Brief = An exact copy of the records below is needed, with every picture left out.

***** Records shown *****

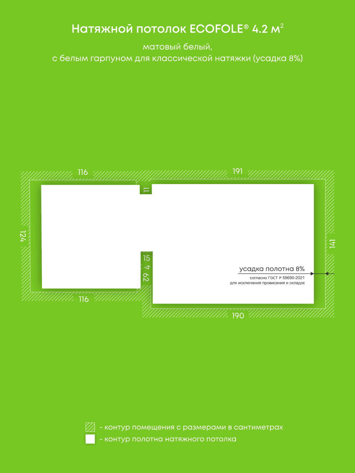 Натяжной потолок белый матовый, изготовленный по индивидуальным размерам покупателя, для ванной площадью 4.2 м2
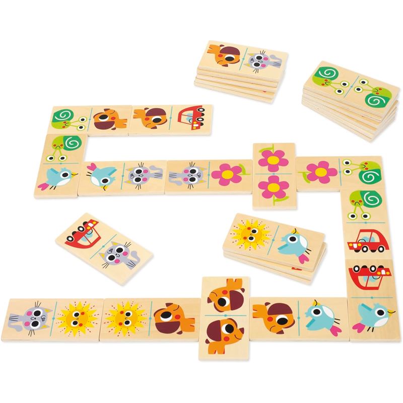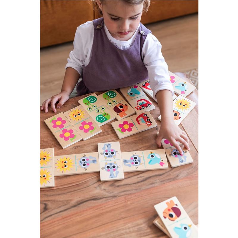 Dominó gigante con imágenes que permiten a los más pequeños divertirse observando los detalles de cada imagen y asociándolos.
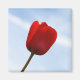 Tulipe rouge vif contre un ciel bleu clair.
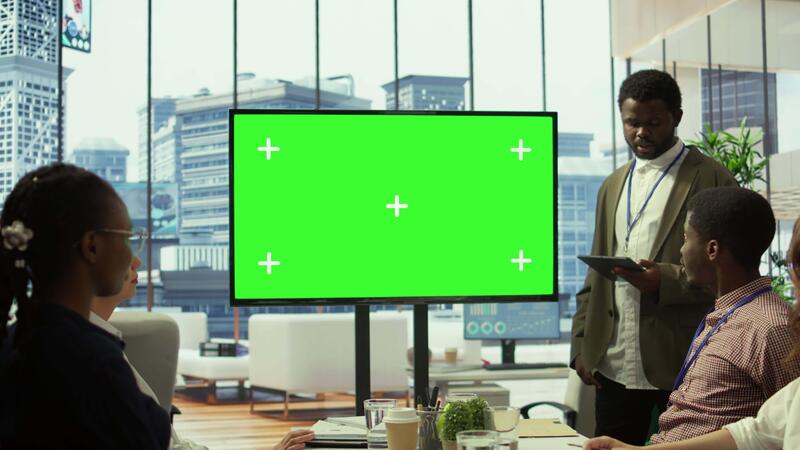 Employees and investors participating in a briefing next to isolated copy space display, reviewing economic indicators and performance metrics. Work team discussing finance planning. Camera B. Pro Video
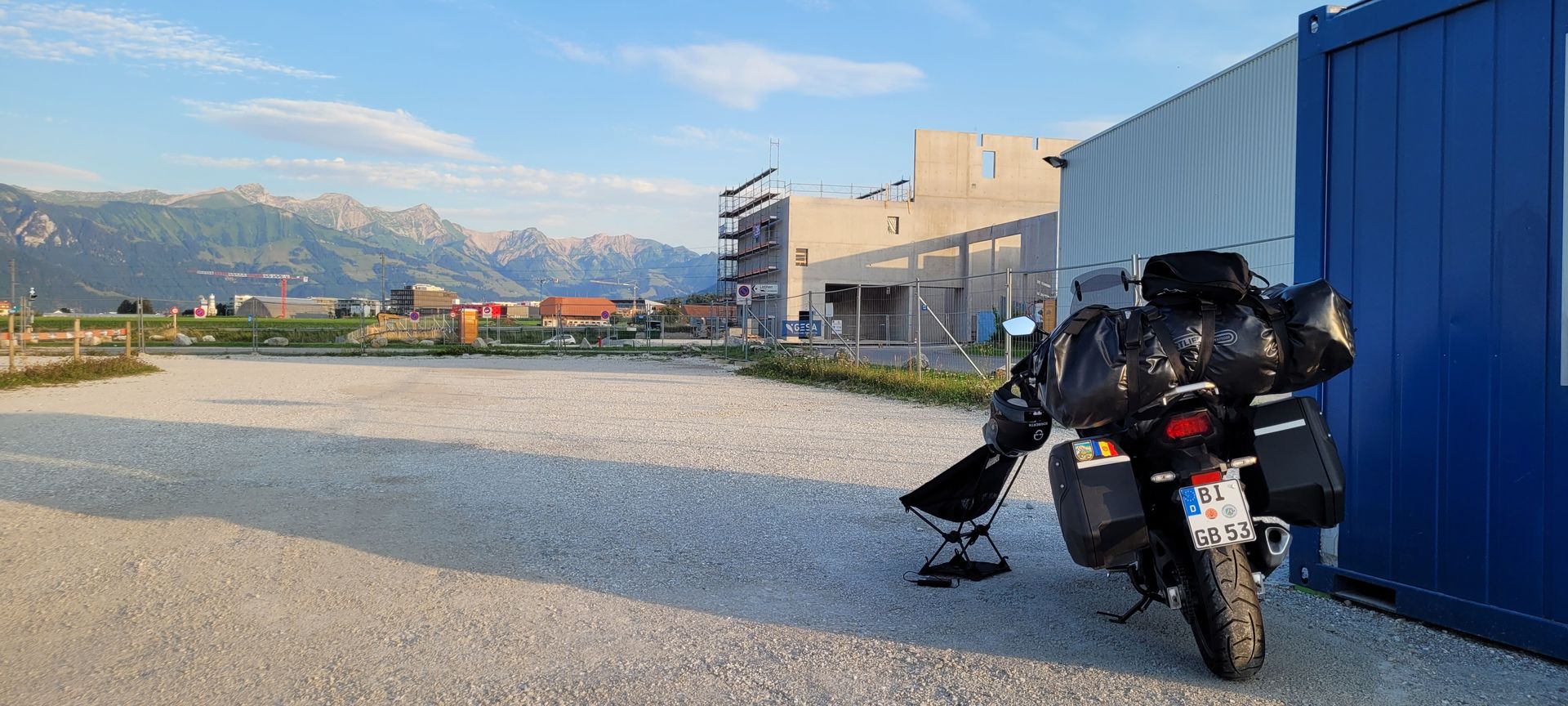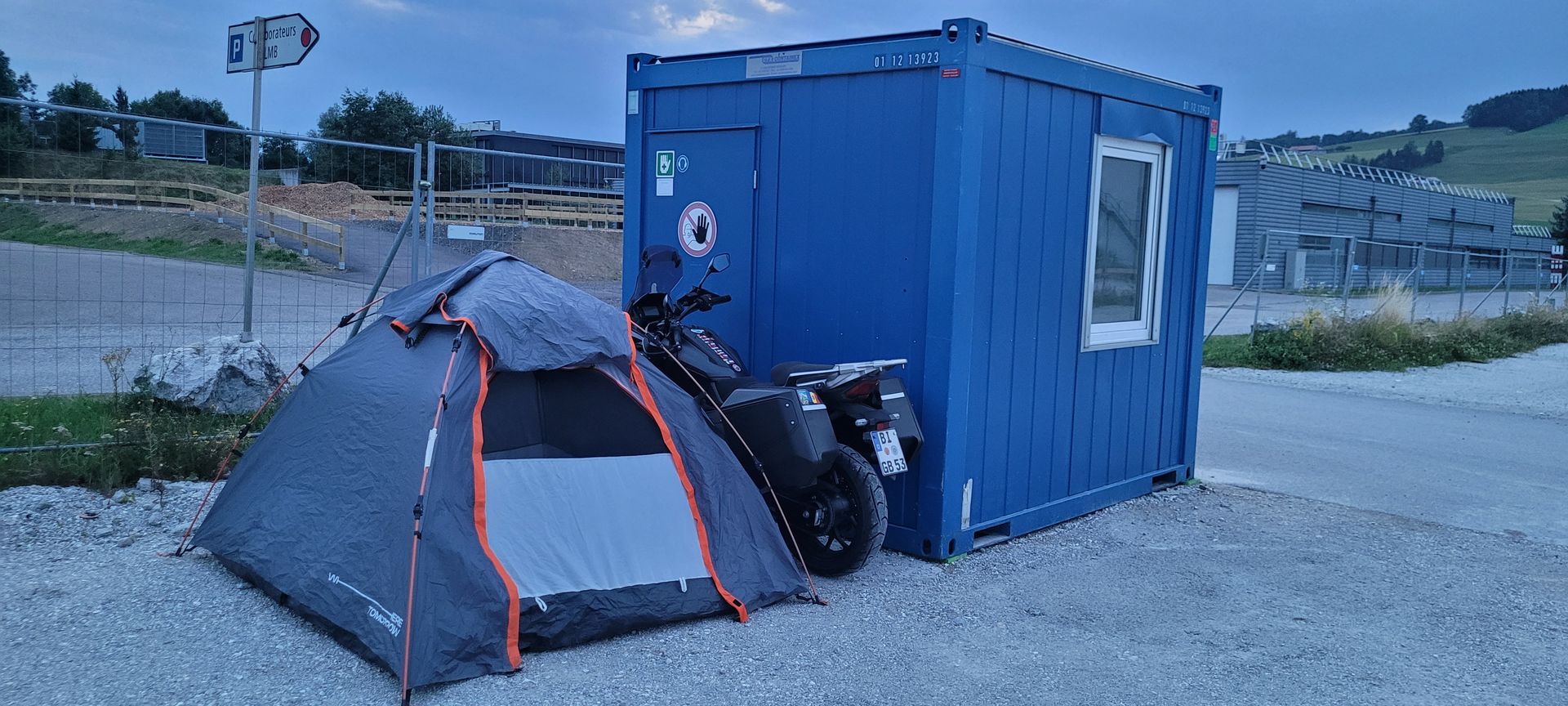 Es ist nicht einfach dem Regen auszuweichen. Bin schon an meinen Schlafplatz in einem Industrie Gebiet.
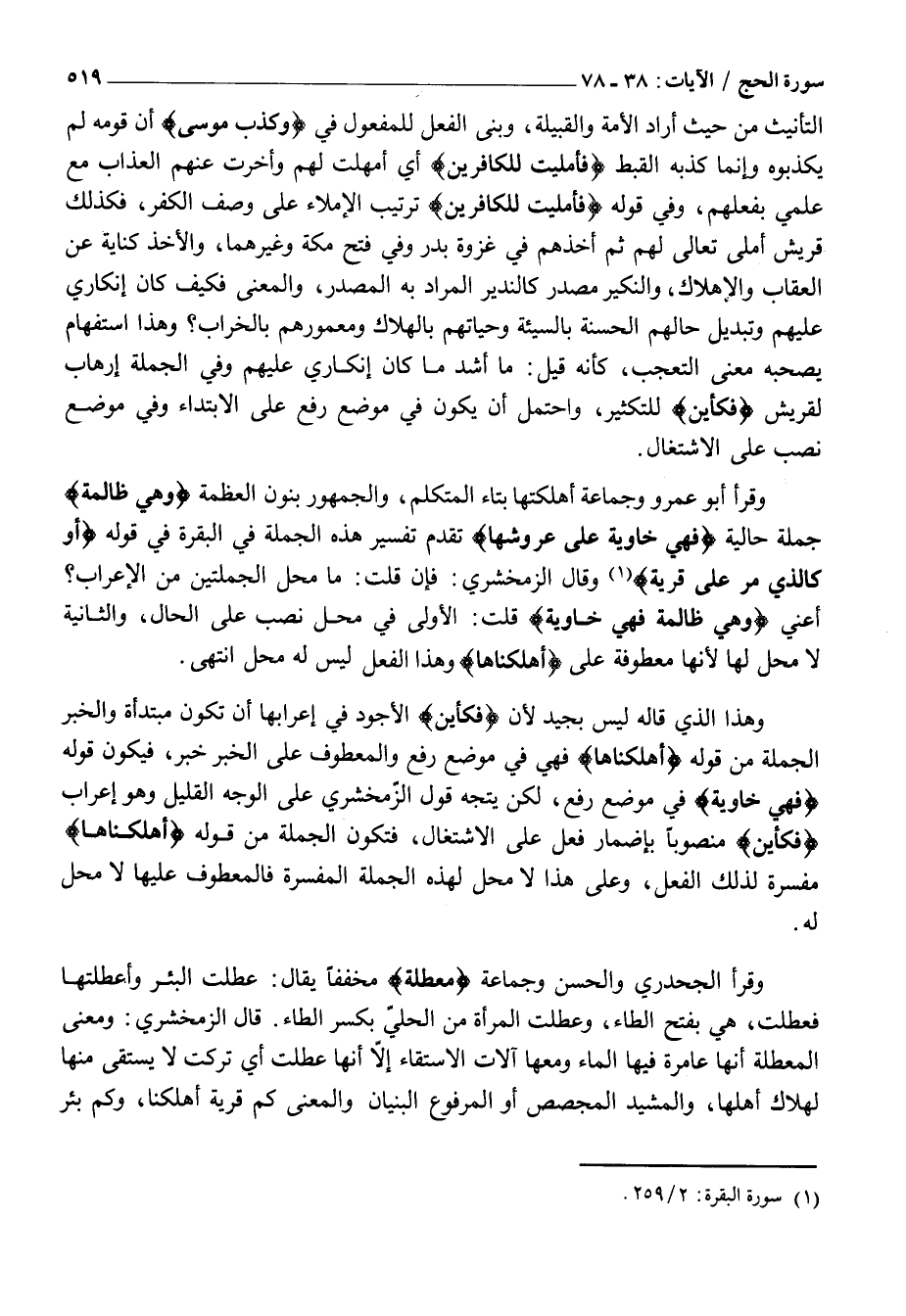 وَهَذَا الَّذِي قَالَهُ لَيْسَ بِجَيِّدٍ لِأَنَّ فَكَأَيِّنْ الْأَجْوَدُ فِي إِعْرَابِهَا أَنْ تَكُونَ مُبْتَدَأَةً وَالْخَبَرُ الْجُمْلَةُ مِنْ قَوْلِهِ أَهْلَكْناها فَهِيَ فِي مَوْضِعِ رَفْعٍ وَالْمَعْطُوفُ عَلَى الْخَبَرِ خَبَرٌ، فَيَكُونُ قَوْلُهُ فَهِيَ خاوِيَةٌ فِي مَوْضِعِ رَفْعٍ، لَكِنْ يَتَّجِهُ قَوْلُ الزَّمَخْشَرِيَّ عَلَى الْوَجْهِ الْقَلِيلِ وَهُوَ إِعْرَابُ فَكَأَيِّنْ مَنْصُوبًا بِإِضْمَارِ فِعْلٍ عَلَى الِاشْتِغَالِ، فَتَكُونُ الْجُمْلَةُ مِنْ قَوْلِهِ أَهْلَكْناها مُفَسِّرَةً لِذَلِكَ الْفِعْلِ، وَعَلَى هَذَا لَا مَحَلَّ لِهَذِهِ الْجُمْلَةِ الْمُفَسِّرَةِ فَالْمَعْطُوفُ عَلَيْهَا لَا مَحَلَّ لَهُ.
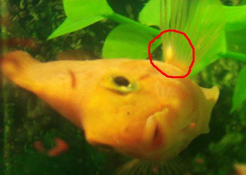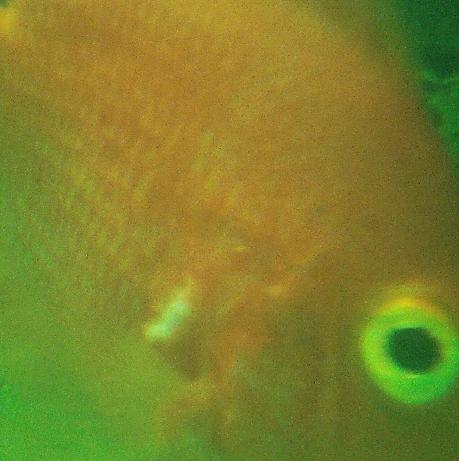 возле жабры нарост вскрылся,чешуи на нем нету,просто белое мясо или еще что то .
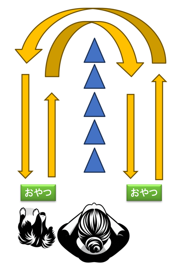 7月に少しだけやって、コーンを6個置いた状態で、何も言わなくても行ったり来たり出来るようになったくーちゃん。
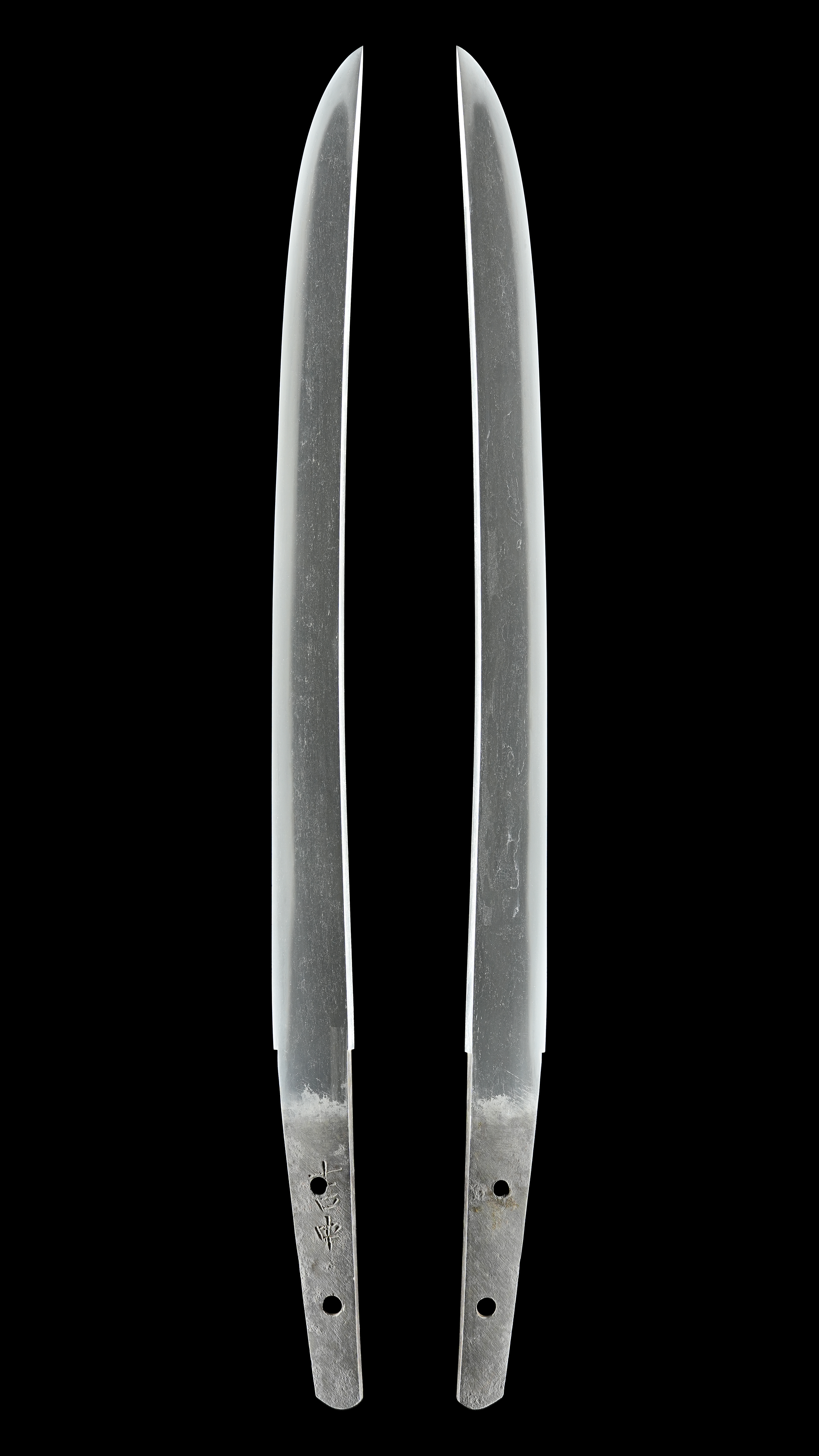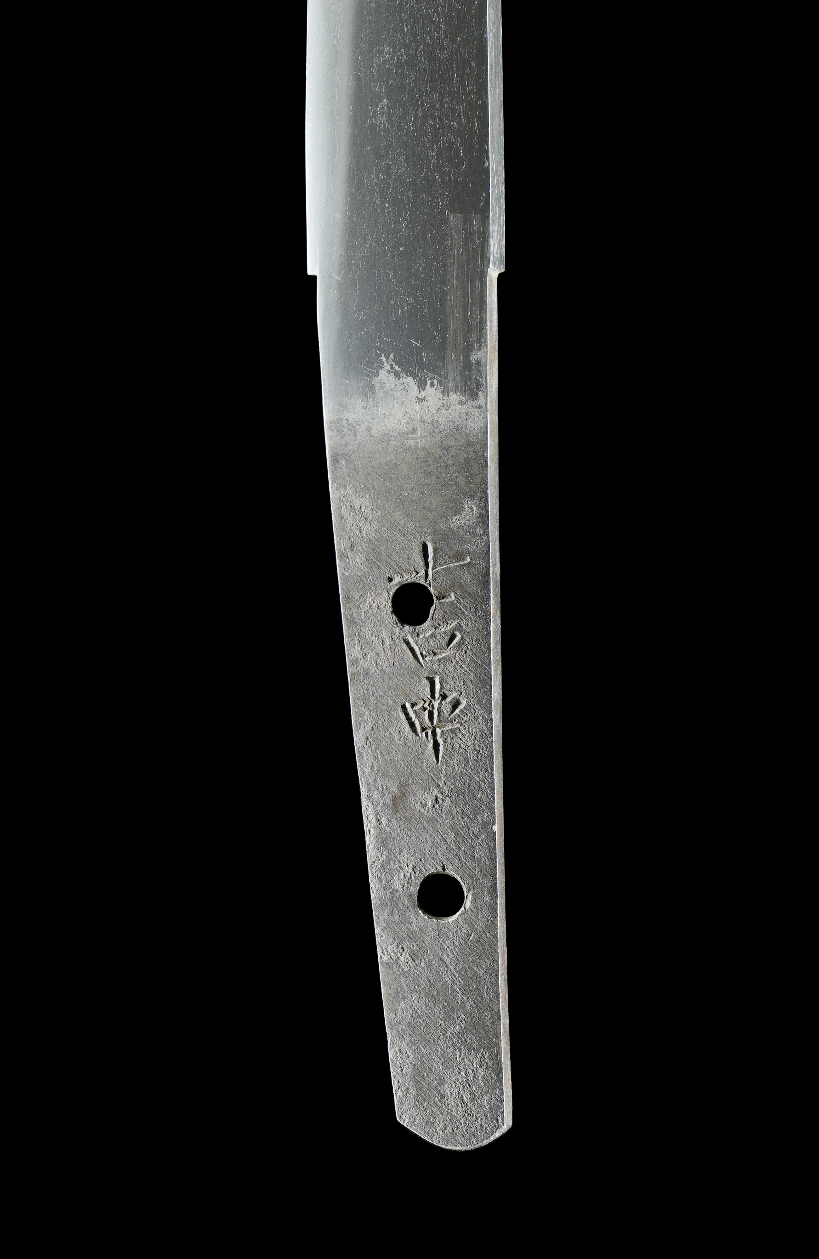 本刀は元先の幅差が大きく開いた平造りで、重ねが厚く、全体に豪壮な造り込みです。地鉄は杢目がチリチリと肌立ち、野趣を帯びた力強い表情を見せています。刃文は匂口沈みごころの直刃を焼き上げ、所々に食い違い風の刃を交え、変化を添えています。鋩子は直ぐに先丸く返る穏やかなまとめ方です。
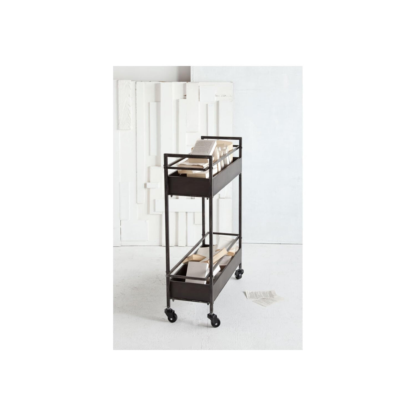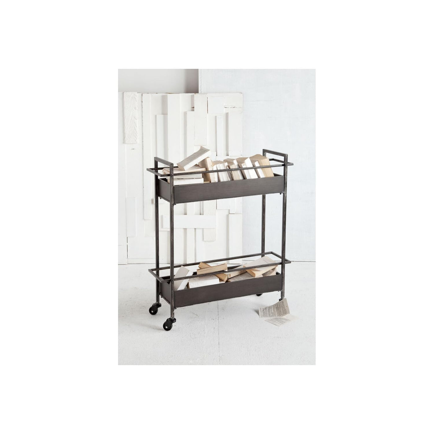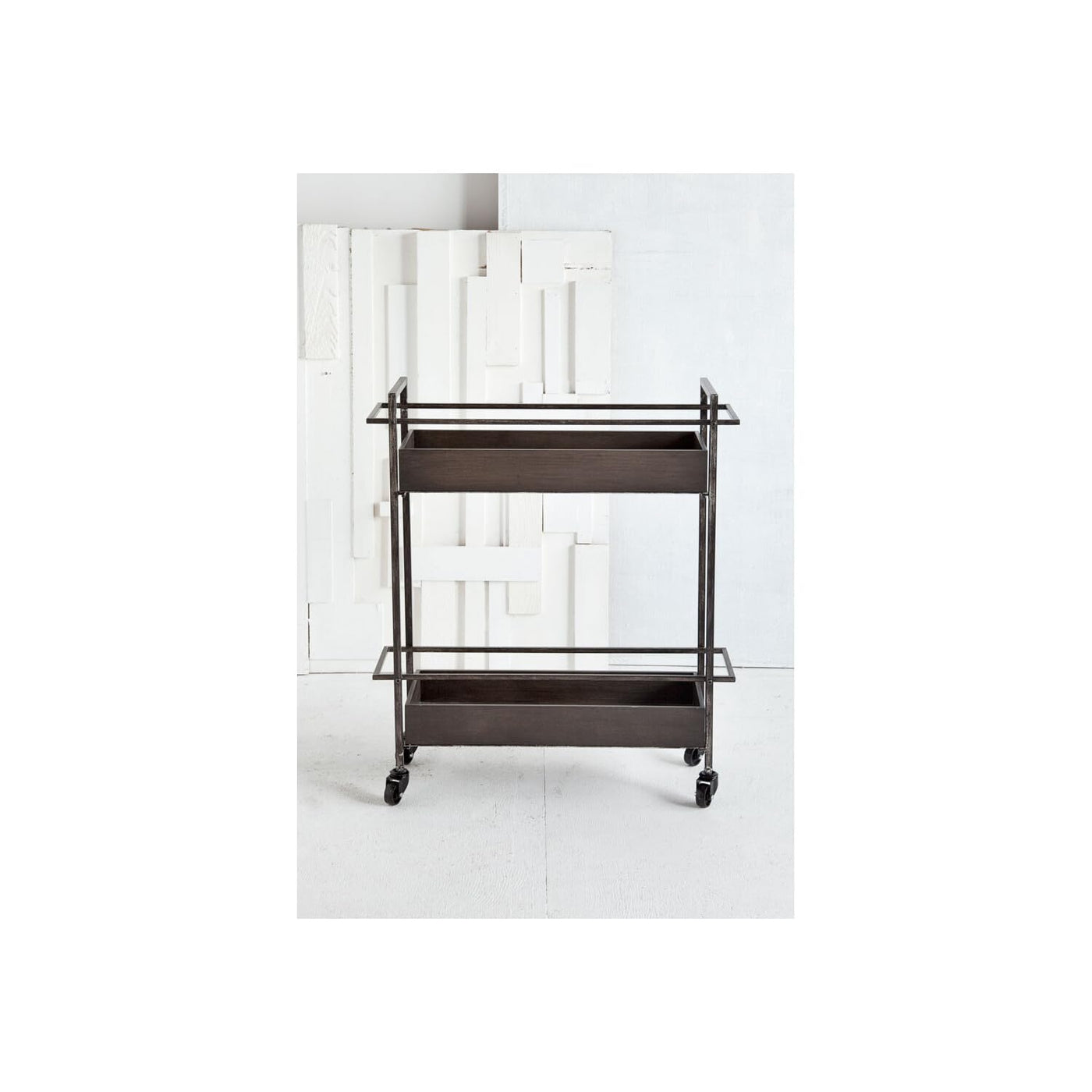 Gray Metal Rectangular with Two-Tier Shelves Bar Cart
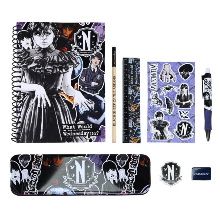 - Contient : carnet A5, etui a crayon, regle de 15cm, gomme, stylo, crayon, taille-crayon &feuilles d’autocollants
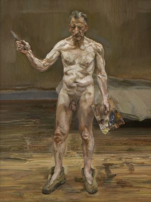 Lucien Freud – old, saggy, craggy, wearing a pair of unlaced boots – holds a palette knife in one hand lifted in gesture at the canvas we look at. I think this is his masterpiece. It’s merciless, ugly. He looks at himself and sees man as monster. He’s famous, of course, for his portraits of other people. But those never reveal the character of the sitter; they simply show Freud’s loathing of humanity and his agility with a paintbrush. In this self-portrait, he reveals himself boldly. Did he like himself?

*****

Reply =
 Натяжной потолок белый матовый, изготовленный по индивидуальным размерам покупателя, для ванной площадью 4.2 м2
 Dominó gigante con imágenes que permiten a los más pequeños divertirse observando los detalles de cada imagen y asociándolos.
 Tulipe rouge vif contre un ciel bleu clair.
 Employees and investors participating in a briefing next to isolated copy space display, reviewing economic indicators and performance metrics. Work team discussing finance planning. Camera B. Pro Video
 Es ist nicht einfach dem Regen auszuweichen. Bin schon an meinen Schlafplatz in einem Industrie Gebiet.
 وَهَذَا الَّذِي قَالَهُ لَيْسَ بِجَيِّدٍ لِأَنَّ فَكَأَيِّنْ الْأَجْوَدُ فِي إِعْرَابِهَا أَنْ تَكُونَ مُبْتَدَأَةً وَالْخَبَرُ الْجُمْلَةُ مِنْ قَوْلِهِ أَهْلَكْناها فَهِيَ فِي مَوْضِعِ رَفْعٍ وَالْمَعْطُوفُ عَلَى الْخَبَرِ خَبَرٌ، فَيَكُونُ قَوْلُهُ فَهِيَ خاوِيَةٌ فِي مَوْضِعِ رَفْعٍ، لَكِنْ يَتَّجِهُ قَوْلُ الزَّمَخْشَرِيَّ عَلَى الْوَجْهِ الْقَلِيلِ وَهُوَ إِعْرَابُ فَكَأَيِّنْ مَنْصُوبًا بِإِضْمَارِ فِعْلٍ عَلَى الِاشْتِغَالِ، فَتَكُونُ الْجُمْلَةُ مِنْ قَوْلِهِ أَهْلَكْناها مُفَسِّرَةً لِذَلِكَ الْفِعْلِ، وَعَلَى هَذَا لَا مَحَلَّ لِهَذِهِ الْجُمْلَةِ الْمُفَسِّرَةِ فَالْمَعْطُوفُ عَلَيْهَا لَا مَحَلَّ لَهُ.
 возле жабры нарост вскрылся,чешуи на нем нету,просто белое мясо или еще что то .
 7月に少しだけやって、コーンを6個置いた状態で、何も言わなくても行ったり来たり出来るようになったくーちゃん。
 本刀は元先の幅差が大きく開いた平造りで、重ねが厚く、全体に豪壮な造り込みです。地鉄は杢目がチリチリと肌立ち、野趣を帯びた力強い表情を見せています。刃文は匂口沈みごころの直刃を焼き上げ、所々に食い違い風の刃を交え、変化を添えています。鋩子は直ぐに先丸く返る穏やかなまとめ方です。
 Gray Metal Rectangular with Two-Tier Shelves Bar Cart
 - Contient : carnet A5, etui a crayon, regle de 15cm, gomme, stylo, crayon, taille-crayon &feuilles d’autocollants
 Lucien Freud – old, saggy, craggy, wearing a pair of unlaced boots – holds a palette knife in one hand lifted in gesture at the canvas we look at. I think this is his masterpiece. It’s merciless, ugly. He looks at himself and sees man as monster. He’s famous, of course, for his portraits of other people. But those never reveal the character of the sitter; they simply show Freud’s loathing of humanity and his agility with a paintbrush. In this self-portrait, he reveals himself boldly. Did he like himself?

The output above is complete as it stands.